This exercise calls for the line with "La revolución de", the line with "俞正声书记在清真餐厅仔细询问新疆学员生活情况", and all lines between them in the material below, output exactly and with no other lines.

Data in this exercise
============================================================

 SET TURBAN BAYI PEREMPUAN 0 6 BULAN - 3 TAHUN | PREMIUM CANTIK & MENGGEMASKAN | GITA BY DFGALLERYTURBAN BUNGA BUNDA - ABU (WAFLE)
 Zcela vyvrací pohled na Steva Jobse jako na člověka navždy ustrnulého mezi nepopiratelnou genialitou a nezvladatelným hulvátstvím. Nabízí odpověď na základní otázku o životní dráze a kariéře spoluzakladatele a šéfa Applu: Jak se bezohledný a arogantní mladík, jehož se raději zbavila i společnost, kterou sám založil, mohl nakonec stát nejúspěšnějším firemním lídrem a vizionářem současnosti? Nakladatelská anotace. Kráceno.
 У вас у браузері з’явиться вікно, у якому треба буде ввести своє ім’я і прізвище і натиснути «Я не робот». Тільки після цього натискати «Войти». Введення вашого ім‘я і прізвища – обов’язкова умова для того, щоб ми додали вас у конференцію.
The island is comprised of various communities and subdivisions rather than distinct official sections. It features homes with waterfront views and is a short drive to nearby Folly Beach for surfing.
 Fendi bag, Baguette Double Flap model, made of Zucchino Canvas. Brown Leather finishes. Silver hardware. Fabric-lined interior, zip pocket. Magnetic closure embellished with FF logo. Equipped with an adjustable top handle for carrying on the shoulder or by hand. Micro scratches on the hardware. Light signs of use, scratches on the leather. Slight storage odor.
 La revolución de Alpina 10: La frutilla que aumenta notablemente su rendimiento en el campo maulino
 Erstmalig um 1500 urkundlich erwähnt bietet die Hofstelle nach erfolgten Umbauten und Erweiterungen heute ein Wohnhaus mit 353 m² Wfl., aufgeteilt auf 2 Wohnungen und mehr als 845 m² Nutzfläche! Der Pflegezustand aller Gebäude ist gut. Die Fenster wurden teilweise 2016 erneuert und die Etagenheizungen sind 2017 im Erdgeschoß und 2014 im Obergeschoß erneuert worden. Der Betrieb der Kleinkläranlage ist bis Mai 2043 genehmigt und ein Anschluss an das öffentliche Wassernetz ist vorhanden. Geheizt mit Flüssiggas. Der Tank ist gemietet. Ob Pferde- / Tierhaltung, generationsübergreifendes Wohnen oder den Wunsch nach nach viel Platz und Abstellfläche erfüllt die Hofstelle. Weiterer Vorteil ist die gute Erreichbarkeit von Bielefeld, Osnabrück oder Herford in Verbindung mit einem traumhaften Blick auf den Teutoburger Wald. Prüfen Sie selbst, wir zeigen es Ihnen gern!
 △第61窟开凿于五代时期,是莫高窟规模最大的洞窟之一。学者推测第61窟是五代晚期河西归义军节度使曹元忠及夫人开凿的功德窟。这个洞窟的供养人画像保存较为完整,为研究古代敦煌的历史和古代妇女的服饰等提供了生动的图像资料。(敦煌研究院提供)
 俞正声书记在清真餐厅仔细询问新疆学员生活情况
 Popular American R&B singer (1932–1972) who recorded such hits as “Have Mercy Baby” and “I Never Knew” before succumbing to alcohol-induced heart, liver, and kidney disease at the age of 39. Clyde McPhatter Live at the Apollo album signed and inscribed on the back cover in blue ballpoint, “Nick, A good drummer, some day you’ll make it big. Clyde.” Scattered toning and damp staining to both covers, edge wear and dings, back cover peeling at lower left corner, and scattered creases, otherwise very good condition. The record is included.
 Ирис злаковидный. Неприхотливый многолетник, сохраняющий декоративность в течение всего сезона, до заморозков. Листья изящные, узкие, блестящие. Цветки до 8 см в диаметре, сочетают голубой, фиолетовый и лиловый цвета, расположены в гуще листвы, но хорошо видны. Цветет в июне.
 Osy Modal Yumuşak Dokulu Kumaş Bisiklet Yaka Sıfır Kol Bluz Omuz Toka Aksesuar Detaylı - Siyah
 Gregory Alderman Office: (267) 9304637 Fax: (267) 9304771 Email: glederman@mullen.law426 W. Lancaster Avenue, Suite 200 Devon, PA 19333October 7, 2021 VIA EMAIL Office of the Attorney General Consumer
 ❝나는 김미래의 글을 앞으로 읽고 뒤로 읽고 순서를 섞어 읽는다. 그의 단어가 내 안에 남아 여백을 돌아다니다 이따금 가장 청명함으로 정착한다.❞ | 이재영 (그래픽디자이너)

============================================================

Solution for this exercise
 La revolución de Alpina 10: La frutilla que aumenta notablemente su rendimiento en el campo maulino
 Erstmalig um 1500 urkundlich erwähnt bietet die Hofstelle nach erfolgten Umbauten und Erweiterungen heute ein Wohnhaus mit 353 m² Wfl., aufgeteilt auf 2 Wohnungen und mehr als 845 m² Nutzfläche! Der Pflegezustand aller Gebäude ist gut. Die Fenster wurden teilweise 2016 erneuert und die Etagenheizungen sind 2017 im Erdgeschoß und 2014 im Obergeschoß erneuert worden. Der Betrieb der Kleinkläranlage ist bis Mai 2043 genehmigt und ein Anschluss an das öffentliche Wassernetz ist vorhanden. Geheizt mit Flüssiggas. Der Tank ist gemietet. Ob Pferde- / Tierhaltung, generationsübergreifendes Wohnen oder den Wunsch nach nach viel Platz und Abstellfläche erfüllt die Hofstelle. Weiterer Vorteil ist die gute Erreichbarkeit von Bielefeld, Osnabrück oder Herford in Verbindung mit einem traumhaften Blick auf den Teutoburger Wald. Prüfen Sie selbst, wir zeigen es Ihnen gern!
 △第61窟开凿于五代时期,是莫高窟规模最大的洞窟之一。学者推测第61窟是五代晚期河西归义军节度使曹元忠及夫人开凿的功德窟。这个洞窟的供养人画像保存较为完整,为研究古代敦煌的历史和古代妇女的服饰等提供了生动的图像资料。(敦煌研究院提供)
 俞正声书记在清真餐厅仔细询问新疆学员生活情况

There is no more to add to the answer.